## [TRY IT]
From the records below, set down exactly the lines starting with the line that contains "- Add coriander" and going on through the line that contains "Each room required". Nothing else is wanted.

## [DATASET CONTENT]
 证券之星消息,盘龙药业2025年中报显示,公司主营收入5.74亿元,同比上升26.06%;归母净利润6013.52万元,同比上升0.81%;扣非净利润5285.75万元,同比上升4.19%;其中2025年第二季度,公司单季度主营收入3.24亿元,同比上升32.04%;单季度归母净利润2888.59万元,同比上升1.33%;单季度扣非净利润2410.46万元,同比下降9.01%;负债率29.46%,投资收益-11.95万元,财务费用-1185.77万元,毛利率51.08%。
---
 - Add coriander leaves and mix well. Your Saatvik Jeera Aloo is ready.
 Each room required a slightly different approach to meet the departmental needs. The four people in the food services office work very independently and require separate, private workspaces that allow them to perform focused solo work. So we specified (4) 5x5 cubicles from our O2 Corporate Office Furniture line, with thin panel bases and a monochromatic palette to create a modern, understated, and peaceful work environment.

## [REPLY TO THE TASK]
 - Add coriander leaves and mix well. Your Saatvik Jeera Aloo is ready.
 Each room required a slightly different approach to meet the departmental needs. The four people in the food services office work very independently and require separate, private workspaces that allow them to perform focused solo work. So we specified (4) 5x5 cubicles from our O2 Corporate Office Furniture line, with thin panel bases and a monochromatic palette to create a modern, understated, and peaceful work environment.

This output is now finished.